Implementing k-means clustering from scratch in C++
I have a somewhat complicated history when it comes to C++. When I was 15 and teaching myself to code, I couldn’t decide between python and C++ and as a result tried to learn both at the same time. One of my first non-trivial projects was a C++ program to compute orbits – looking back on it now, I can see that what I was actually doing was a (horrifically inefficient) implementation of Euler’s method. I just couldn’t wrap my head around fixed-size arrays (not to mention pointers!). In any case, I soon realised that juggling C++ and python was untenable – not only was I new to the concepts (such as type systems and OOP), I was having to learn two sets of syntax in addition to two flavours of these concepts. I decided to commit to python and haven’t really looked back since.

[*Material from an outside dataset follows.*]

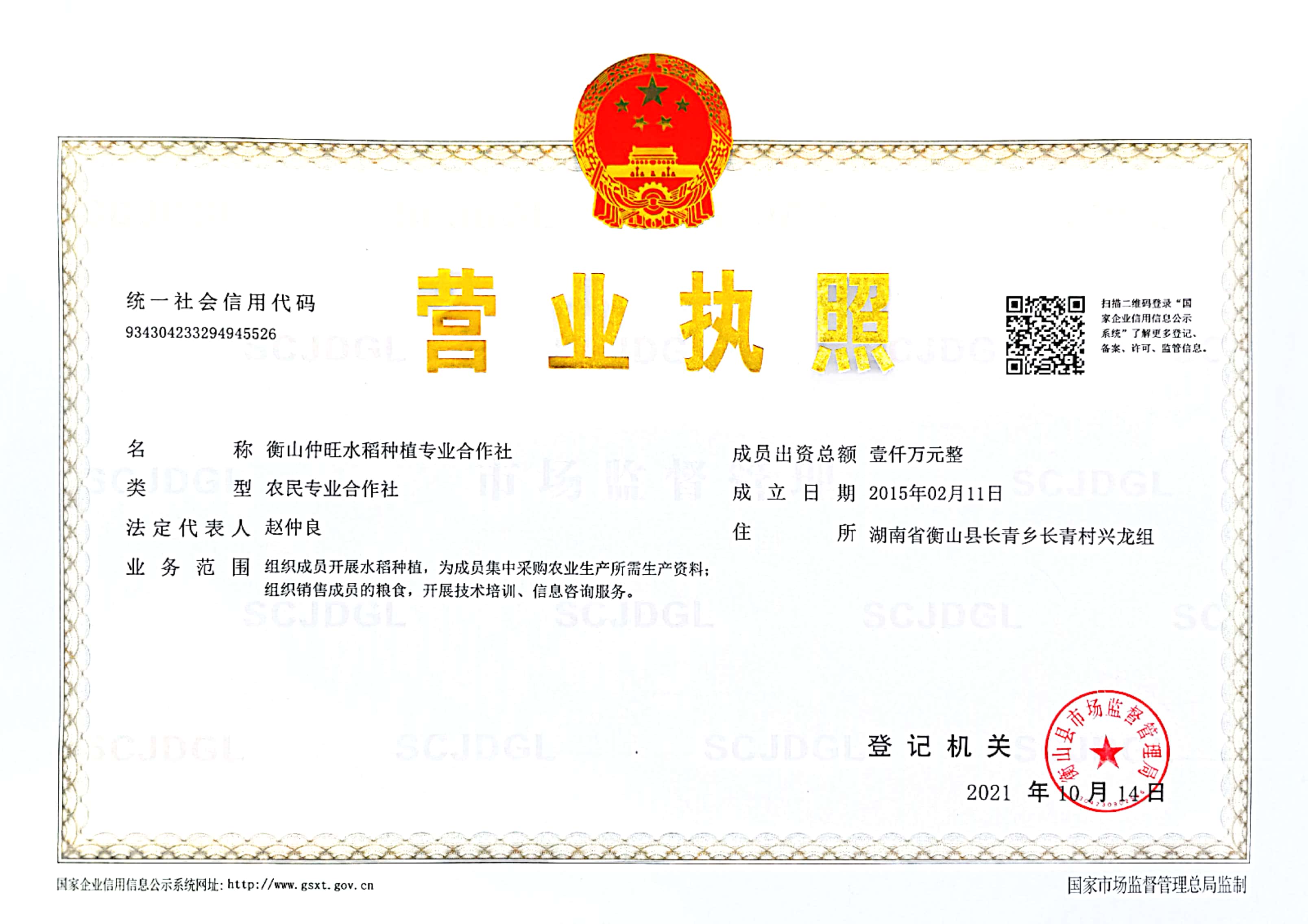 衡山仲旺水稻种植专业合作社

Now, almost 6 years later (tempus fugit!), having completed the first-year computer science course at Cambridge, I feel like I am in a much better place to have a proper go at C++. My motivation is helped by the fact that all of the second-year computational practicals for physics are done in C++, not to mention that C++ is incredibly useful in quantitative finance (which I am deeply interested in).
To that end, I decided to jump straight in and implement a machine learning algorithm from scratch. I chose k-means because of its personal significance to me: when I was first learning about ML, k-means was one of the first algorithms that I fully grokked and I spent quite a while experimenting with different modifications and implementations in python. Also, given that the main focus of this post is to learn C++, it makes sense to use an algorithm I understand relatively well.
Please let me add the disclaimer that this is certainly not going to be an optimal solution – this post is very much a learning exercise for me and I’d be more than happy to receive constructive criticism. As always, all code for this project can be found on GitHub.
Contents
What is k-means clustering?
I have decided to give four brief explanations with increasing degrees of rigour. Nothing beyond the first explanation is really essential for the rest of this post, so feel free to stop whenever.
- k-means clustering allows us to find groups of similar points within a dataset.
- k-means clustering is the task of finding groups of points in a dataset such that the total variance within groups is minimised.
- k-means clustering is the task of partitioning feature space into k subsets to minimise the within-cluster sum-of-square deviations (WCSS), which is the sum of quare euclidean distances between each datapoint and the centroid.
- Formally, k-means clustering is the task of finding a partition $S = \{S_1, S_2, \ldots S_k\}$ where $S$ satisfies:
The k-means algorithm
The k-means clustering problem is actually incredibly difficult to solve. Let’s say we just have $N=120$ and $k=5$, i.e we have 120 datapoints which we want to group into 5 clusters. The number of possible partitions is more than the number of atoms in the universe ($5^{120} \approx 10^{83}$) – for each one, we then need to calculate the WCSS (read: variance) and choose the best partition.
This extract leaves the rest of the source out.